*Action item*: Transcribe word for word the section of the records below that opens with the line containing "बुधबार विश्व मजदुर" and closes with the line containing "Первая береговая, вид, бассейн"; drop every picture.

*Dataset*:
----------------------------------------
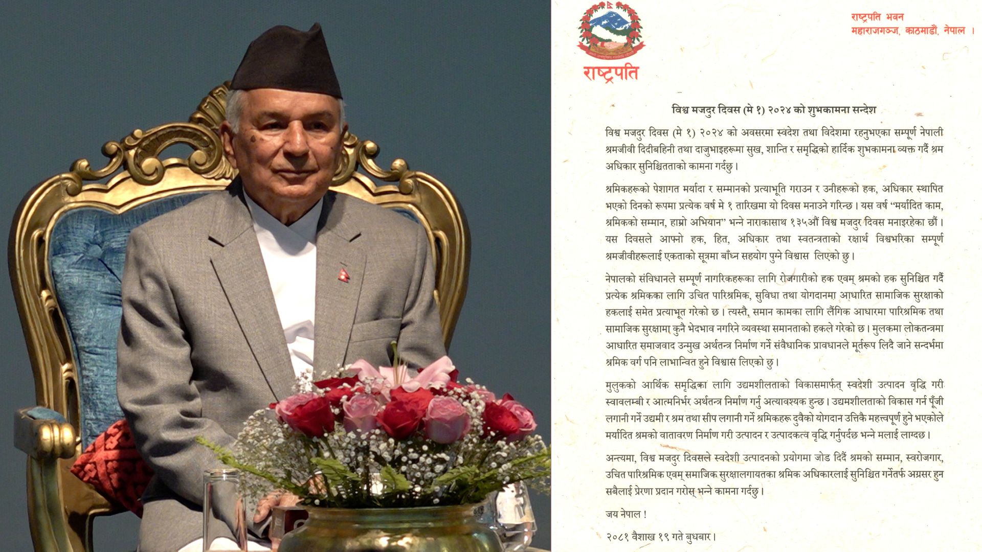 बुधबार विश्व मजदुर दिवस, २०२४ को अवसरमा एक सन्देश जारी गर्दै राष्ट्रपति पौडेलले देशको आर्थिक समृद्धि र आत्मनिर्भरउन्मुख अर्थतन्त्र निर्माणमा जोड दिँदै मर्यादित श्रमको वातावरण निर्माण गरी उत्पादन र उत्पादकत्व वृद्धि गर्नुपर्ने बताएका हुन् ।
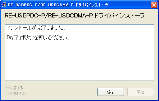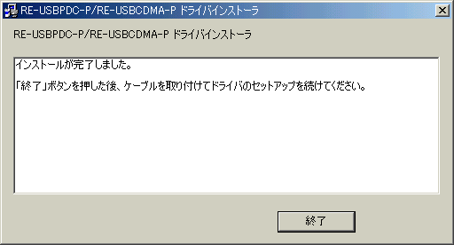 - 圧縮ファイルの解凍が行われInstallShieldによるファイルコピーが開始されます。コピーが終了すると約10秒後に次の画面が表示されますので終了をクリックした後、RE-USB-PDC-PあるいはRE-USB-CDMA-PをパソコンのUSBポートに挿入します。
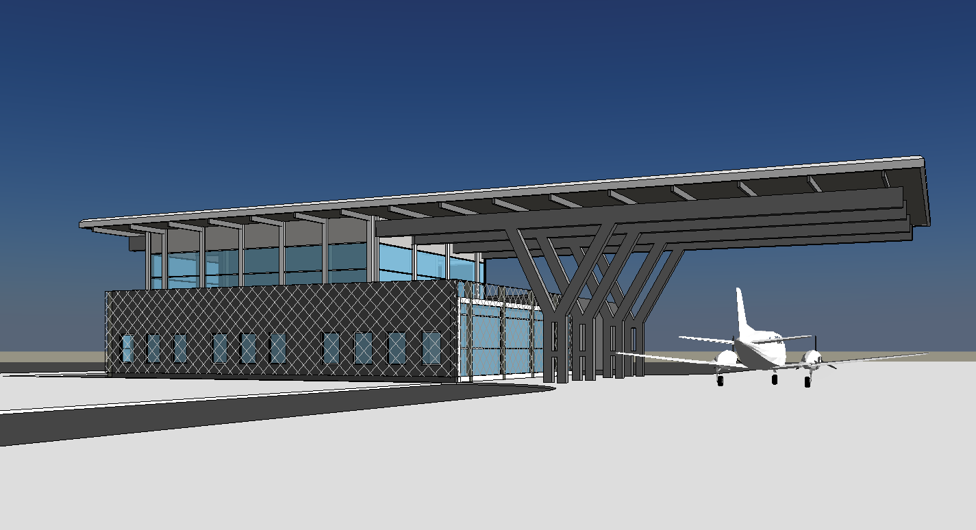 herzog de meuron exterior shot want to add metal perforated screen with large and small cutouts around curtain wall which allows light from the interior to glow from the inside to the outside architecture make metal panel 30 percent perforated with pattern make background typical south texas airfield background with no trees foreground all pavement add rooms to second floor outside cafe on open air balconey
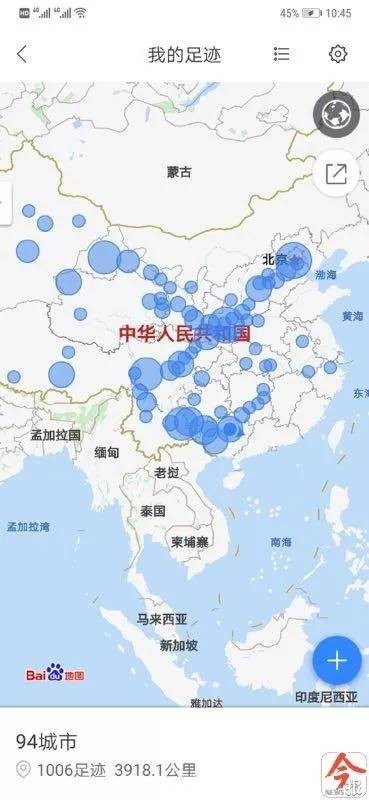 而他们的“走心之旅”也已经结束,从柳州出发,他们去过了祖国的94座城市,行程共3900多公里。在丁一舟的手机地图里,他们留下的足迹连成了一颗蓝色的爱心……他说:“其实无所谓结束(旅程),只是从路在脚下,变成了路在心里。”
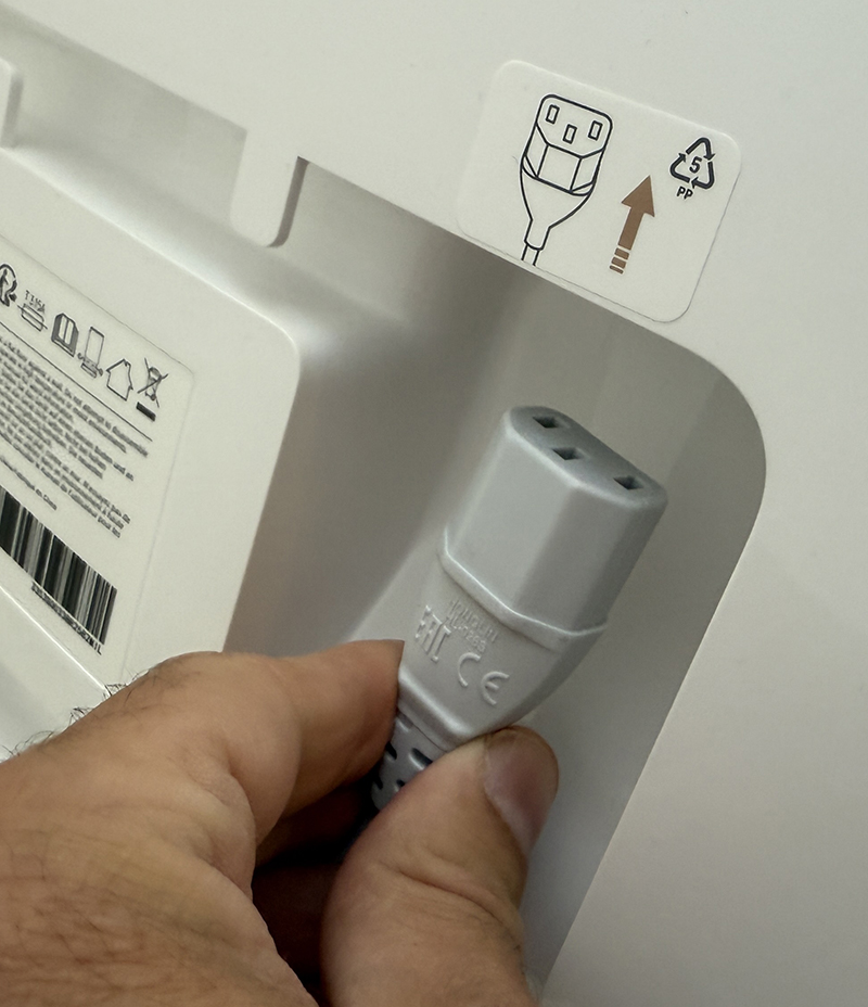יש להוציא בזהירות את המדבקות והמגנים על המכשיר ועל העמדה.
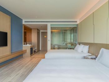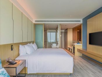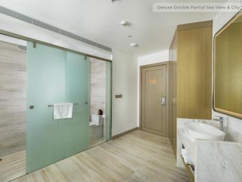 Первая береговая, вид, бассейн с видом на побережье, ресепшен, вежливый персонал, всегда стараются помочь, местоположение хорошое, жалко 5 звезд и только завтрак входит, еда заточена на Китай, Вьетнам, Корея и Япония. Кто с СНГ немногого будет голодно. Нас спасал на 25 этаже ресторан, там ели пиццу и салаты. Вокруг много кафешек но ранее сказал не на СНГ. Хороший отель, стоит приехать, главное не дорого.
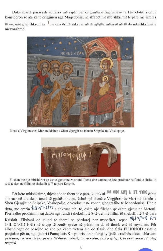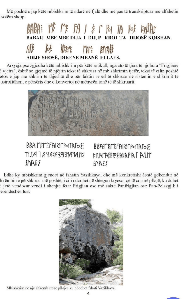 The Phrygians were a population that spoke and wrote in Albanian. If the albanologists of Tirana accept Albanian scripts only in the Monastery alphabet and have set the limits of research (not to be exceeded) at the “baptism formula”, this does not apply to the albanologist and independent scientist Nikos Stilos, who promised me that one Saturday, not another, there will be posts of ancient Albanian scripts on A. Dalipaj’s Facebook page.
----------------------------------------
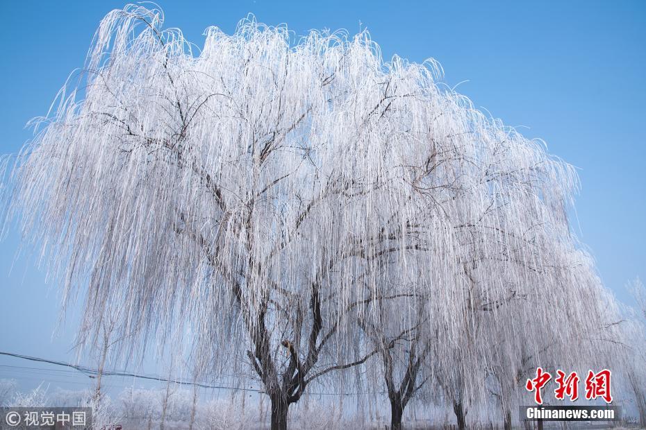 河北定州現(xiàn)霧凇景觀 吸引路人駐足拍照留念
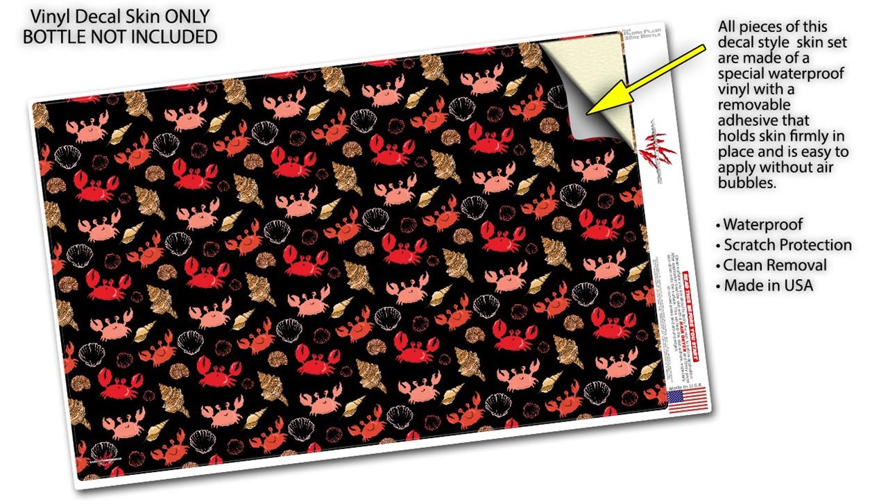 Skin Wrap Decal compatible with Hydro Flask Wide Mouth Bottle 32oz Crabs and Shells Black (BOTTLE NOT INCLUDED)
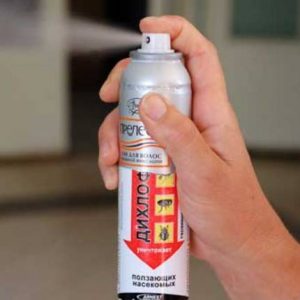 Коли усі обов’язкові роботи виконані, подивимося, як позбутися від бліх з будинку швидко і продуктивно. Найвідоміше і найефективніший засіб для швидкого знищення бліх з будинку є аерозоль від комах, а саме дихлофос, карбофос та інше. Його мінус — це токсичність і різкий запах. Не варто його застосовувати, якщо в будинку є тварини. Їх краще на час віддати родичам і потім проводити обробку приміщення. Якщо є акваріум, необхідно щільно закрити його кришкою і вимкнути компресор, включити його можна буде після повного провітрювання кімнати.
----------------------------------------
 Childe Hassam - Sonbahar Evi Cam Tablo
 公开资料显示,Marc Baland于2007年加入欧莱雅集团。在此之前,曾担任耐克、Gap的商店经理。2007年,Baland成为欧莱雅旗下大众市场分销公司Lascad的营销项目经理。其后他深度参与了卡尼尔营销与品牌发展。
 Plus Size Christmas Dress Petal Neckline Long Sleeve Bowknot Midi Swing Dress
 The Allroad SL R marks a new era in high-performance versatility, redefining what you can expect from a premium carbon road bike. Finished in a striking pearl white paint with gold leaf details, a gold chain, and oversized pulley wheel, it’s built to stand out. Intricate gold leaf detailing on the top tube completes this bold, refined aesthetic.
----------------------------------------
*Result of the exercise*:
 बुधबार विश्व मजदुर दिवस, २०२४ को अवसरमा एक सन्देश जारी गर्दै राष्ट्रपति पौडेलले देशको आर्थिक समृद्धि र आत्मनिर्भरउन्मुख अर्थतन्त्र निर्माणमा जोड दिँदै मर्यादित श्रमको वातावरण निर्माण गरी उत्पादन र उत्पादकत्व वृद्धि गर्नुपर्ने बताएका हुन् ।
 - 圧縮ファイルの解凍が行われInstallShieldによるファイルコピーが開始されます。コピーが終了すると約10秒後に次の画面が表示されますので終了をクリックした後、RE-USB-PDC-PあるいはRE-USB-CDMA-PをパソコンのUSBポートに挿入します。
 herzog de meuron exterior shot want to add metal perforated screen with large and small cutouts around curtain wall which allows light from the interior to glow from the inside to the outside architecture make metal panel 30 percent perforated with pattern make background typical south texas airfield background with no trees foreground all pavement add rooms to second floor outside cafe on open air balconey
 而他们的“走心之旅”也已经结束,从柳州出发,他们去过了祖国的94座城市,行程共3900多公里。在丁一舟的手机地图里,他们留下的足迹连成了一颗蓝色的爱心……他说:“其实无所谓结束(旅程),只是从路在脚下,变成了路在心里。”
יש להוציא בזהירות את המדבקות והמגנים על המכשיר ועל העמדה.
 Первая береговая, вид, бассейн с видом на побережье, ресепшен, вежливый персонал, всегда стараются помочь, местоположение хорошое, жалко 5 звезд и только завтрак входит, еда заточена на Китай, Вьетнам, Корея и Япония. Кто с СНГ немногого будет голодно. Нас спасал на 25 этаже ресторан, там ели пиццу и салаты. Вокруг много кафешек но ранее сказал не на СНГ. Хороший отель, стоит приехать, главное не дорого.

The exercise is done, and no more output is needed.